Here's a version that I wrote a while back; it might be interesting to compare with yours for speed. It doesn't do anything about the space problems, though (in fact, they're probably worse than with your version).
from math import sqrt
def basicSieve(n):
"""Given a positive integer n, generate the primes < n."""
s = [1]*n
for p in xrange(2, 1+int(sqrt(n-1))):
if s[p]:
a = p*p
s[a::p] = [0] * -((a-n)//p)
for p in xrange(2, n):
if s[p]:
yield p
I have faster versions, using a wheel, but they're much more complicated. Original source is here.
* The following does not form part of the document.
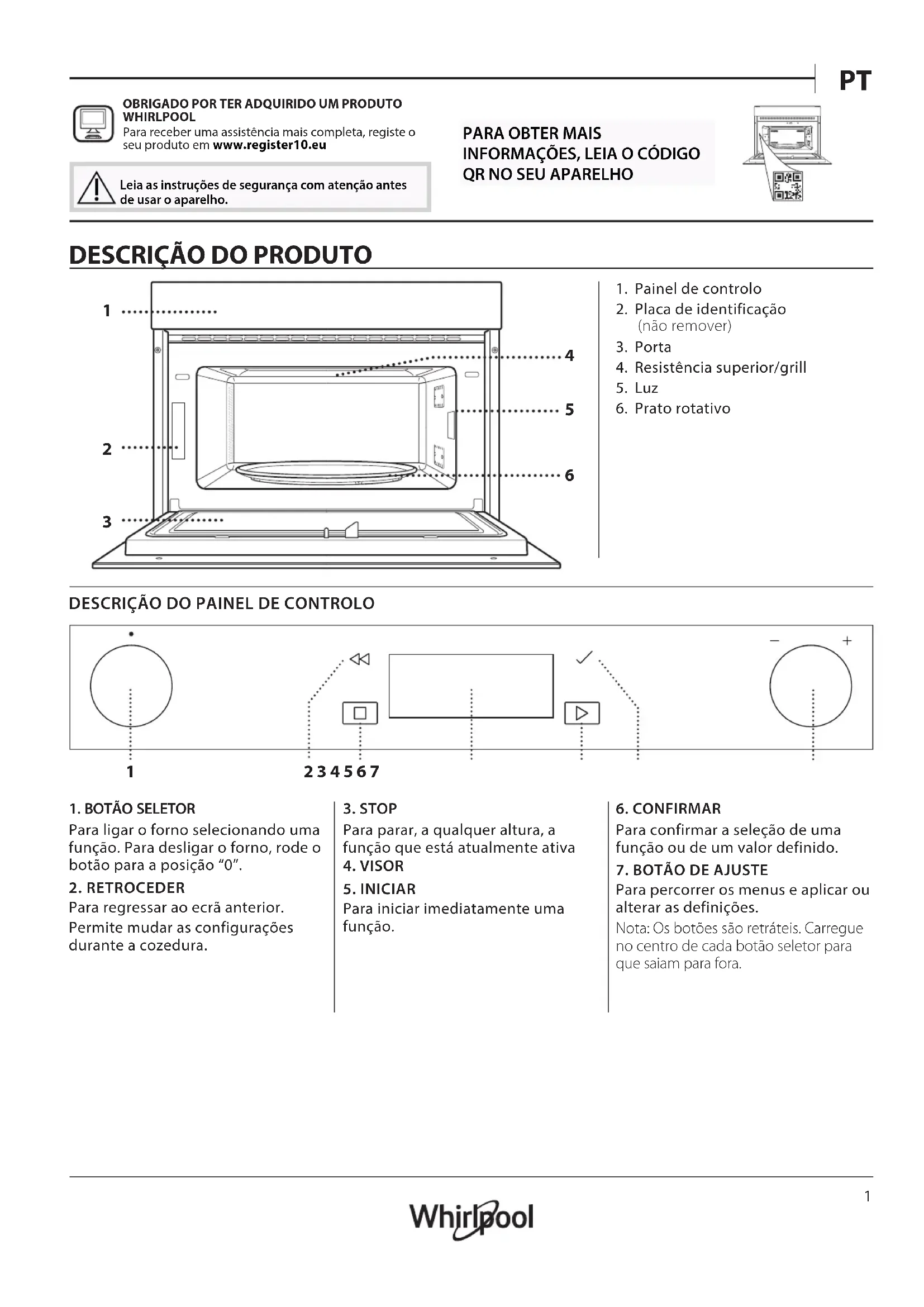 WHIRLPOOL Para receber uma assistência mais completa, registe o seu produto em www.register10.eu Leia as instruções de segurança com atenção antes de usar o aparelho.

Okay, here's the version using a wheel. wheelSieve is the main entry point.
from math import sqrt
from bisect import bisect_left
def basicSieve(n):
"""Given a positive integer n, generate the primes < n."""
s = [1]*n
for p in xrange(2, 1+int(sqrt(n-1))):
if s[p]:
a = p*p
s[a::p] = [0] * -((a-n)//p)
for p in xrange(2, n):
if s[p]:
yield p
class Wheel(object):
"""Class representing a wheel.
Attributes:
primelimit -> wheel covers primes < primelimit.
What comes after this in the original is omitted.